Embedding evaluation, revisited

The first months of embedding evaluation were “run the gold set, read the numbers, argue about the deltas.” This quarter we’re approaching it with a more disciplined idea of what we’re measuring and why.

This is a short post about the pieces that changed. The full retrieval retrospective lands in the one-year grounded retrieval pillar later this week; this one is just the embedding eval slice.

What the gold set looks like now

A year ago we had 80 hand-authored questions across three corpora. We wrote the curation recipe in how we curate the golden set. The questions were useful for directional signal: did a change help or hurt?

The current set is 1,240 questions across 11 corpora. The growth came in three phases:

Corpus breadth. Every new customer workload gets 40 new questions in the first two weeks. That’s the biggest contributor to set size.
Regression capture. Every production incident that surfaces a retrieval bug becomes a gold question before the fix ships. This is the second-biggest contributor and arguably the highest-value one per question.
Structured annotation. We added question-type tags to every question: factual lookup, compound reasoning, discriminator claim, numeric, temporal. Tags let us report per-type metrics instead of one pooled number.

The corpus count is where the surprise was. A year ago we thought 300 questions on three corpora was enough. It wasn’t. Federal acquisition language has its own grammar. Healthcare compliance has its own cross-reference patterns. Adding a corpus surfaces failure modes that don’t exist in the others, and those failure modes are invisible until a corpus exists.

Metrics that earned their place

Four metrics run on every eval and every CI run:

Recall@10. Does the retriever surface the must-cite blocks for a question?
Answer faithfulness. Is every sentence in the generated answer entailed by a cited source?
Answer completeness. Does the answer cover every fact the reference answer covers?
Abstention precision. When the system refuses, is that the right call?

All four are version-one RAG metrics. None of them are novel. RAGAS implements versions of the same four. We use our own implementations because our entailment check is a moving part we want to control, but anyone starting fresh should run RAGAS as a baseline.

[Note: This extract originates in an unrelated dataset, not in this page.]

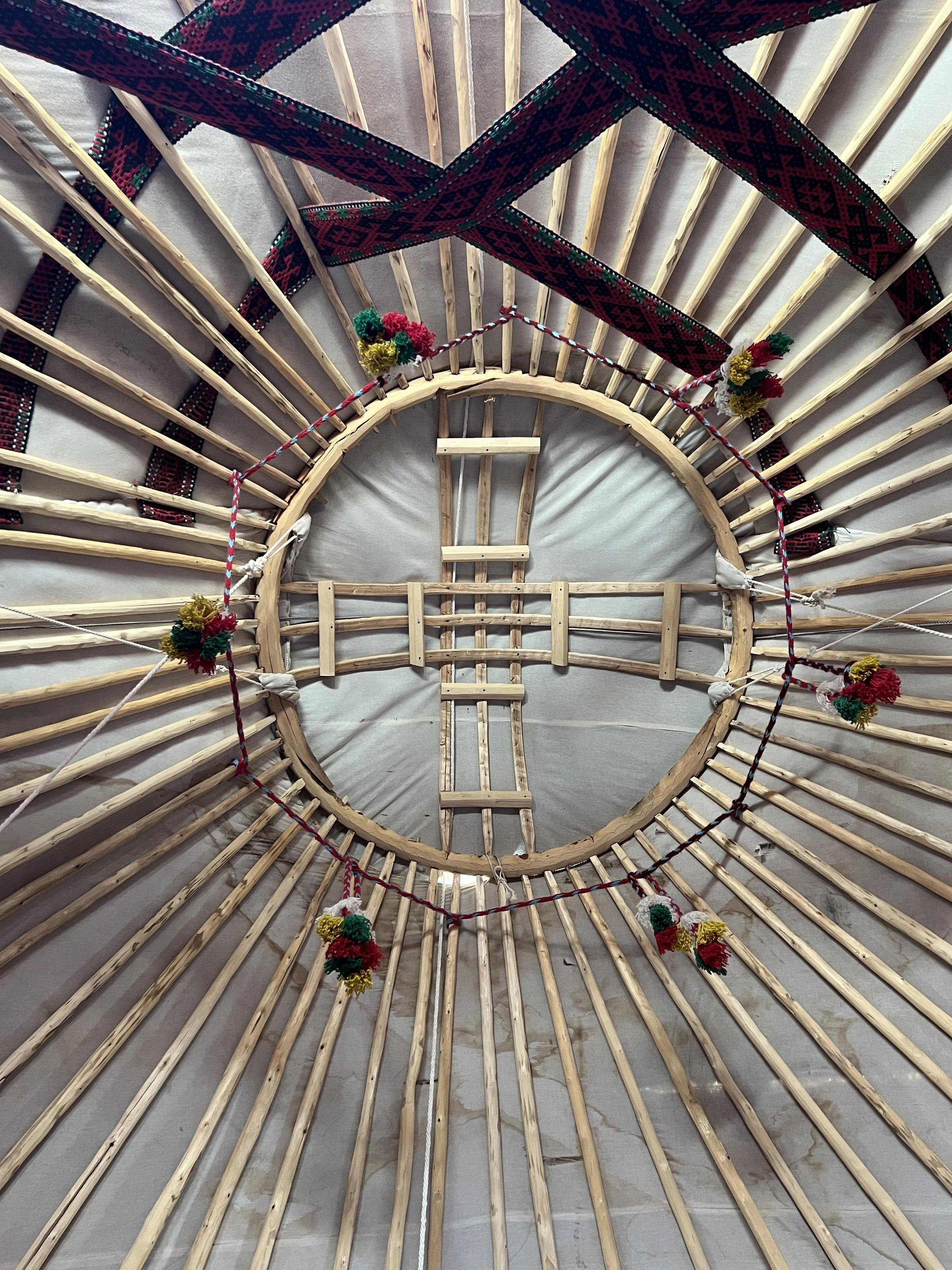 traditional qaraqalpaq yurt with wooden lattice framework, decorated with colorful woven straps and a string of small pom-poms in red, green, and yellow. Photo by Dinara Mirtalipova for The Vanishing Sea Book research trip to the Aral Sea
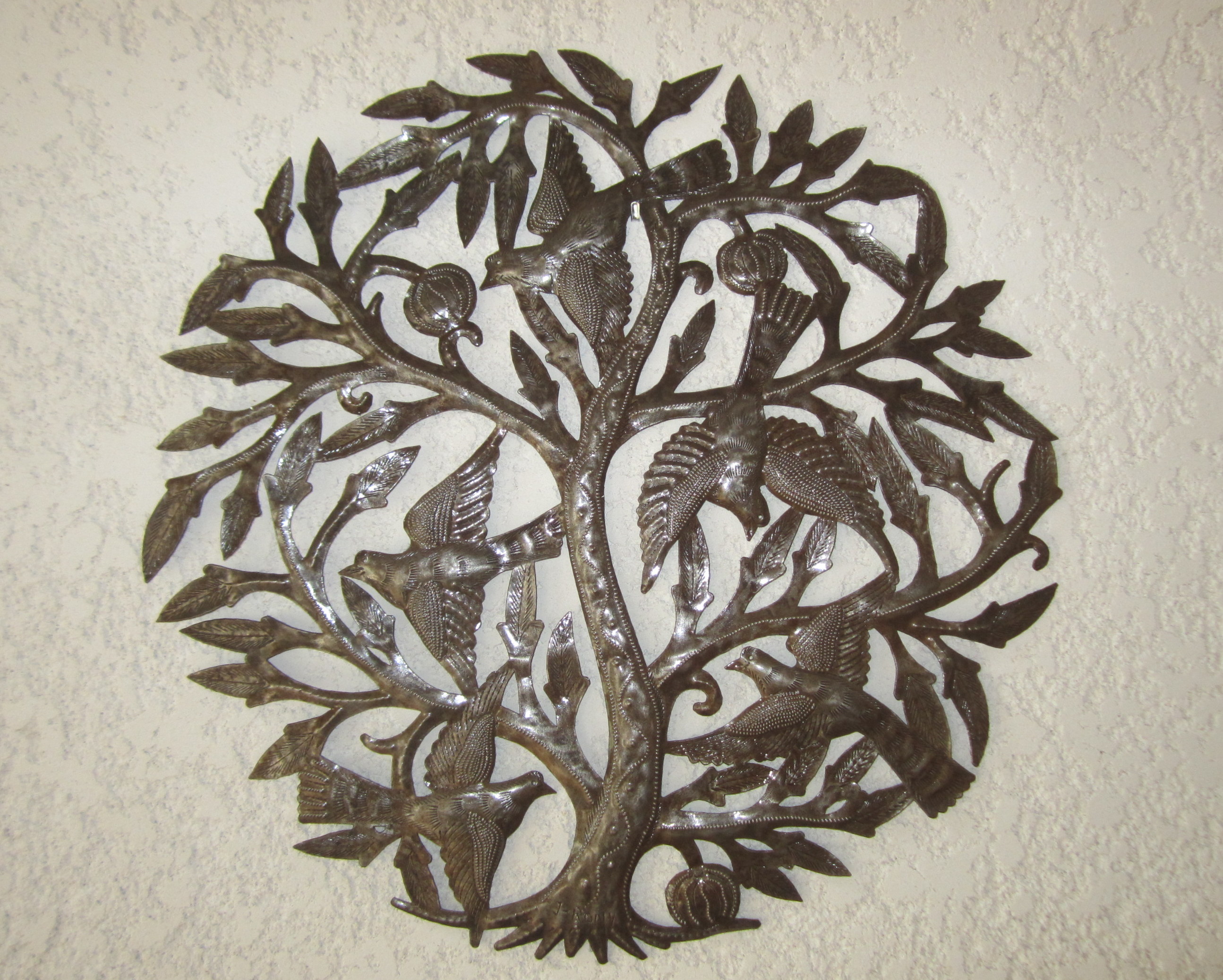 A l’extrême droite de la photo ci-dessus, vous pouvez deviner une sculpture en fer découpé, spécialité du village haïtien Croix-des-Bouquets. Ces artisans travaillent magnifiquement cette matière dans un style unique, toujours lié aux pratiques vaudou. J’ai chez moi, au-dessus de la cheminée, un Arbre de Vie haïtien :

What earned its place this year was the per-question-type breakdown. A single “recall@10 is 0.87” number hides that compound-reasoning recall is 0.71 and factual-lookup recall is 0.94. The aggregate number moves slowly; the per-type numbers move when we change things that touch that type. We now report all four metrics at both the pooled and the per-type level.

Metrics we retired

Cosine similarity between generated answer and reference answer. This was in the early dashboard. It correlates with faithfulness on questions that have one reasonable phrasing, and it correlates with nothing useful on questions that admit multiple correct answers. We noticed it moving in the wrong direction on changes that were clearly improvements and retired it.

MRR on the reranker output. A reasonable metric in principle. In practice, MRR and recall@10 moved together on every change we cared about, and MRR added noise on ties. We kept recall@10 and dropped MRR from the CI report. The reranker code still emits MRR for debugging; nobody reads it.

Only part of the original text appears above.